恋愛感情を悪用して複数の男性から総額1億5000万円以上の現金をだまし取った「頂き女子りりちゃん」が注目を集めたのは記憶に新しいところだが、実は現在、「オジサン」だけではなく中年女性をターゲットにした「ロマンス詐欺」が増えている。
ロマンス詐欺といえば、これまで相手方が外国人や海外居住者を名乗る「国際型」が主流だったが、最近はりりちゃんスタイルの「国内型」が増えているというのだ。

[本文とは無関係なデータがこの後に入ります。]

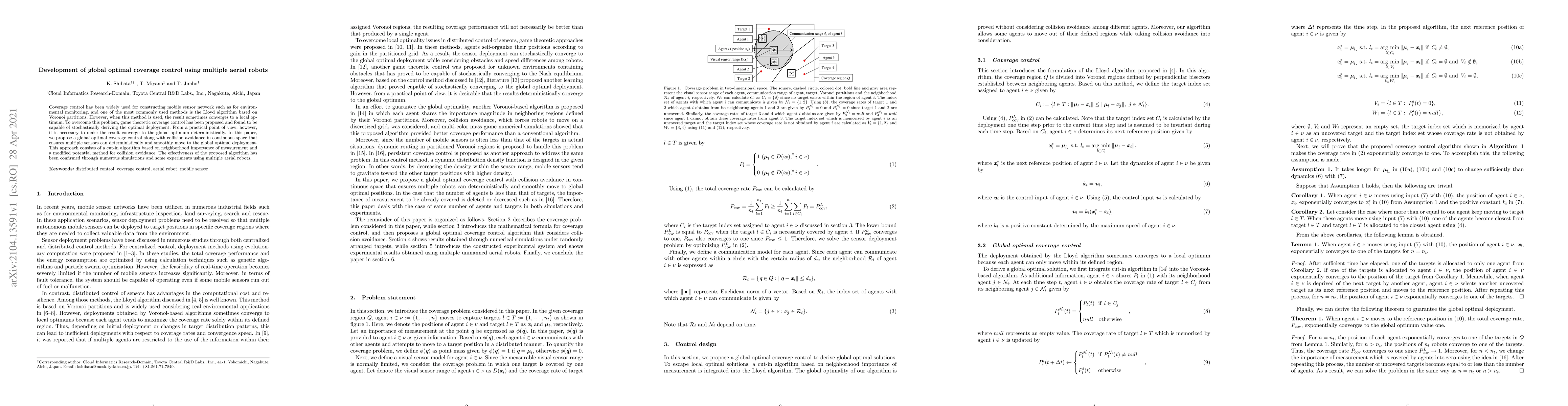 This paper proposes a global optimal coverage control method for multiple aerial robots, ensuring deterministic convergence to the global optimum using a cut-in algorithm and a modified potential method for collision avoidance. The approach is validated through simulations and experiments.
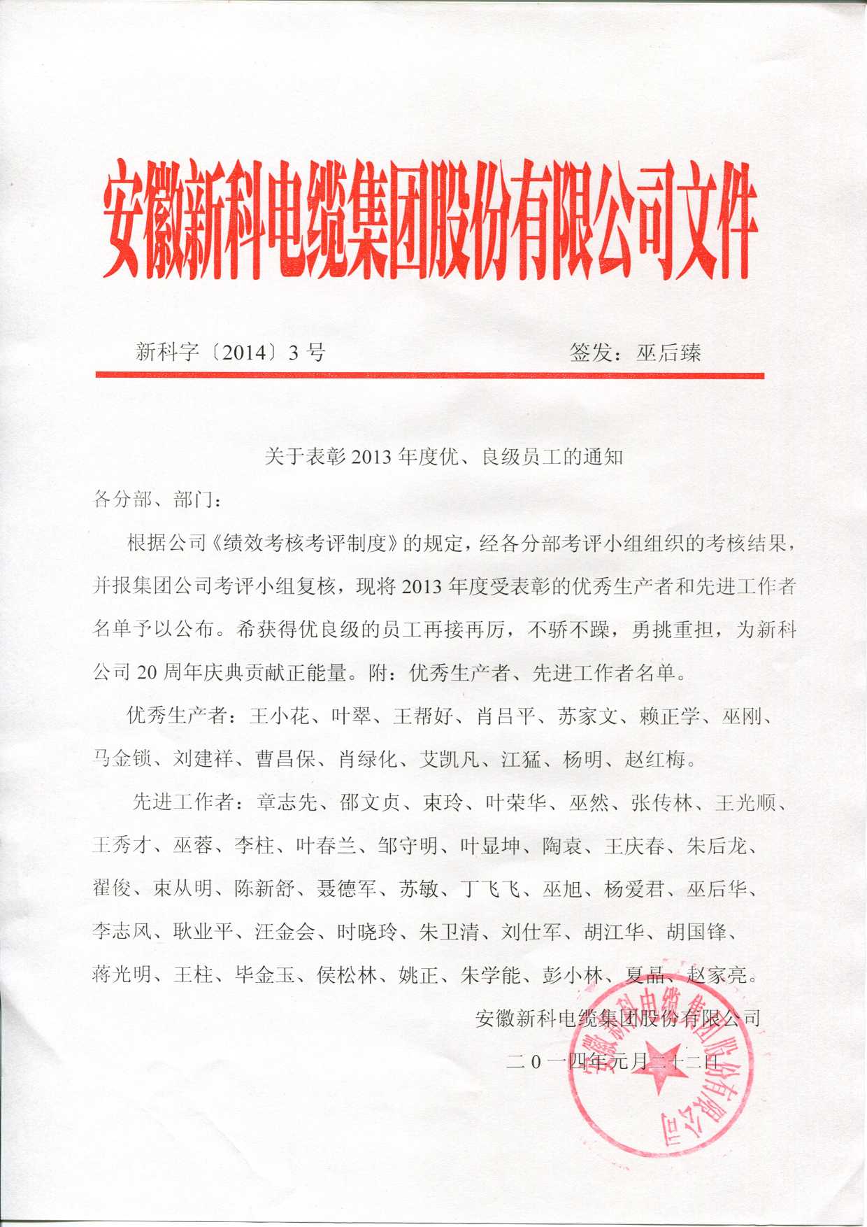 關(guān)于表彰2013年度優(yōu)、良級員工的通知
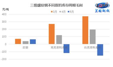 圖2 三級(jí)螺紋鋼不同原料庫存周期毛利水平變化
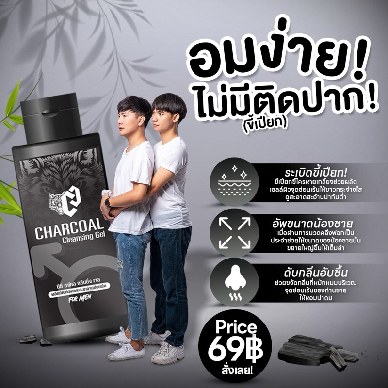 พร้อมส่ง CHARCOAL สบู่เหลว เจลชาโคล คลีนซิ่ง กำจัดขี้เปียก กลิ่นเหม็น พร้อมบำรุงน้องชาย
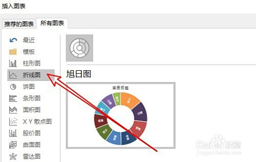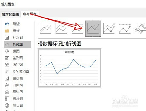 然后再打开到折线图右侧窗口,点击选择响应的折线图类型。
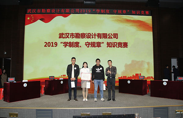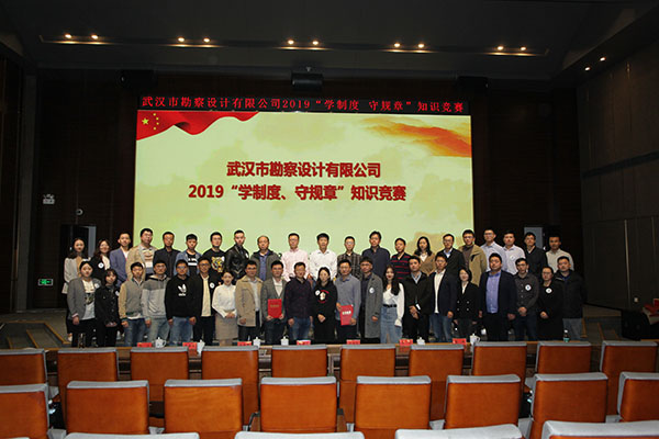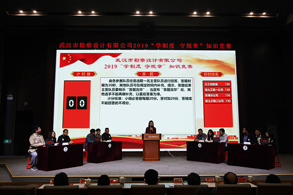 為進一步加強員工對公司企業(yè)文化及各項規(guī)章制度的學習和認識,提高員工的綜合素養(yǎng),10月30日上午,公司首次舉辦的2019年度“學制度 守規(guī)章”知識競賽活動在測繪院307學術(shù)報告廳成功舉辦。公司董事長廖建生,總經(jīng)理施木俊,副總經(jīng)理安永強、官善友、蔣濤,代理副總經(jīng)理熊劍,代理總會計師龔瑋親臨現(xiàn)場指導(dǎo)并觀看了比賽,公司各部門負責人及員工代表共計100余人參加了活動。巖土工程一公司、巖土工程二公司、測繪工程公司、基礎(chǔ)工程公司、檢測監(jiān)測公司、設(shè)計中心、地質(zhì)環(huán)境中心、不動產(chǎn)咨詢中心、東湖分公司、新區(qū)分公司、臨空分公司、土工試驗室等12支生產(chǎn)部門代表隊共36名選手參加了此次比賽。
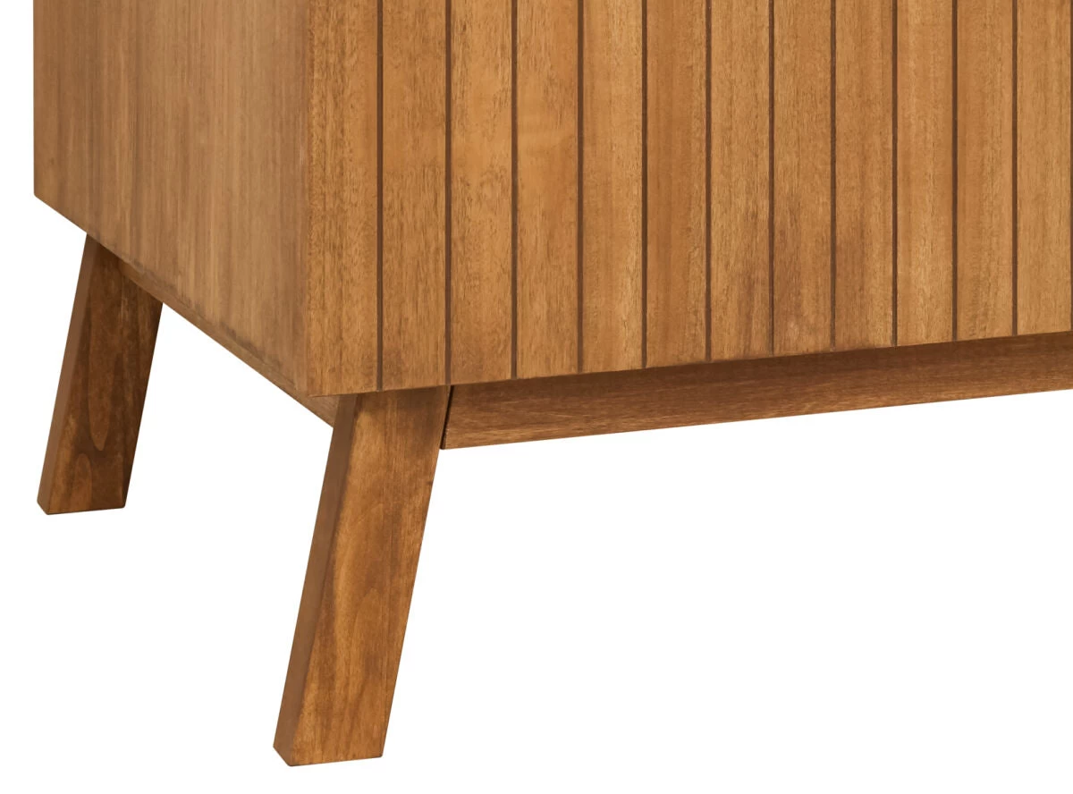 This 2-door wardrobe from the Senna series features sophisticated vertical grooves in the doors and stands on angled legs. The handles are made of leather. The wardrobe is finished with a water-based lacquer, giving it a warm appearance. Behind the doors are three height-adjustable shelves and a hanging rod.
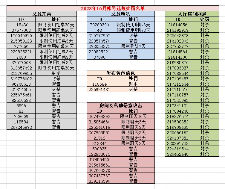 账号违规处罚公告(2023年10月)

警察庁が6月17日に発表した「令和6年4月末におけるSNS型投資・ロマンス詐欺の認知・検挙状況等について」によると、令和6年1月~4月までのSNS型ロマンス詐欺の認知件数は832件で前年同期比「+448件」。被害額は約84.1億円で、こちらも前年同期比「+40.5億円」と大幅に増えている。
詐欺問題に詳しいジャーナリストが語る。
「ロマンス詐欺というと40~60代のオジサンが被害に遭っているイメージが強いですが、実は30~50代の女性被害者の方が多い。主にマッチングアプリやインスタグラムを通じて知りあい、イケメンの他人の写真を使ったアカウントから『子供を産んでほしい』『1日も早く結婚したい』などといったメッセージが送られ、恋愛関係にあると錯覚させるのが手口。被害額の大半は500万円以下ですが、中には1億円以上取られた人もいます。女性の方が被害額が大きくなる傾向が強いですね」
「恋は盲目」とは、イギリスの劇作家・シェイクスピアの「ヴェニスの商人」のセリフだが、人は周囲が「あの人はやめたほうがいい」と言えば言うほど、それを受け入れ難くなる傾向があるようだ。
りりちゃんのケースでは、50代の被害者が保険をすべて解約するなどして金を捻出していたというが、表沙汰になっていないだけで、女性が丸はがしにされる被害も多数あるのだろう。